Exercise aim: Repeat the data below exactly, dropping any pictures it holds.
Start of Provided material
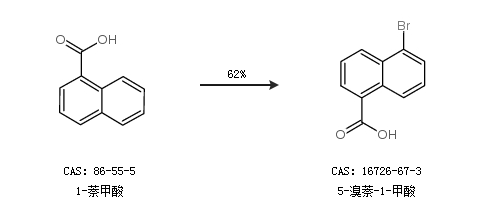 1.通過1-萘甲酸合成5-溴萘-1-甲酸,收率約62%;
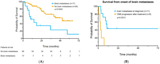 Of our 85 patients who were treated with ICI, only 17 patients developed brain metastasis at any point during their therapy (20.0% overall incidence). The individual characteristics of the patients who developed brain metastases is shown (Table 1). These included nine men and eight women. The median age of patients with brain metastases was 59.0 ± 11.1 years. Of the 17 patients with CNS involvement in our series, 2 had BRAF fusions/rearrangements (40.0% of total BRAF fusion/rearrangement patients) and 9 patients had BRAF V600 locus mutations (32.1% of all BRAF mutant patients). A total of four patients had an NF1 mutation (17.4% of all NF1 mutant patients), and one had an NRAS mutation (6.7% of all NRAS mutant patients). The only patient with a CKIT mutation developed delayed onset of brain metastases. No quadruple-negative patient developed brain metastases.
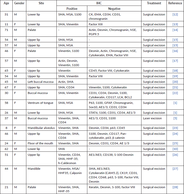 Table 1. Intraoral glomus tumours diagnosed with histopathology in conjunction with immunohistochemistry.
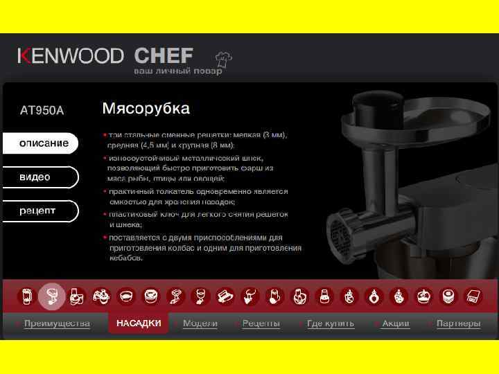 Насадки Насадка-овощерезка (шинковка), позволяет нарезать твердые овощи кружочками, кубиками и брусочками. Насадка Кеббе, предназначена для получения полых сосисок для последующего наполнения их фаршем и обжаривания. Насадка для колбасы, предназначена для приготовления домашней колбасы, сосисок и сарделек. Моделирующая насадка для фарша, позволяет распределять фарш на равномерные порции. Насадка для томатов, предназначена для приготовления томатного сока и пасты. Насадка пресс, помогает готовить соки из мягких фруктов и овощей. Насадка-терка, позволяют использовать мясорубку в качестве терки. Насадки для теста, используют для приготовления лапши, спагетти и печенья.
End of Provided material
Result of this exercise:
 1.通過1-萘甲酸合成5-溴萘-1-甲酸,收率約62%;
 Of our 85 patients who were treated with ICI, only 17 patients developed brain metastasis at any point during their therapy (20.0% overall incidence). The individual characteristics of the patients who developed brain metastases is shown (Table 1). These included nine men and eight women. The median age of patients with brain metastases was 59.0 ± 11.1 years. Of the 17 patients with CNS involvement in our series, 2 had BRAF fusions/rearrangements (40.0% of total BRAF fusion/rearrangement patients) and 9 patients had BRAF V600 locus mutations (32.1% of all BRAF mutant patients). A total of four patients had an NF1 mutation (17.4% of all NF1 mutant patients), and one had an NRAS mutation (6.7% of all NRAS mutant patients). The only patient with a CKIT mutation developed delayed onset of brain metastases. No quadruple-negative patient developed brain metastases.
 Table 1. Intraoral glomus tumours diagnosed with histopathology in conjunction with immunohistochemistry.
 Насадки Насадка-овощерезка (шинковка), позволяет нарезать твердые овощи кружочками, кубиками и брусочками. Насадка Кеббе, предназначена для получения полых сосисок для последующего наполнения их фаршем и обжаривания. Насадка для колбасы, предназначена для приготовления домашней колбасы, сосисок и сарделек. Моделирующая насадка для фарша, позволяет распределять фарш на равномерные порции. Насадка для томатов, предназначена для приготовления томатного сока и пасты. Насадка пресс, помогает готовить соки из мягких фруктов и овощей. Насадка-терка, позволяют использовать мясорубку в качестве терки. Насадки для теста, используют для приготовления лапши, спагетти и печенья.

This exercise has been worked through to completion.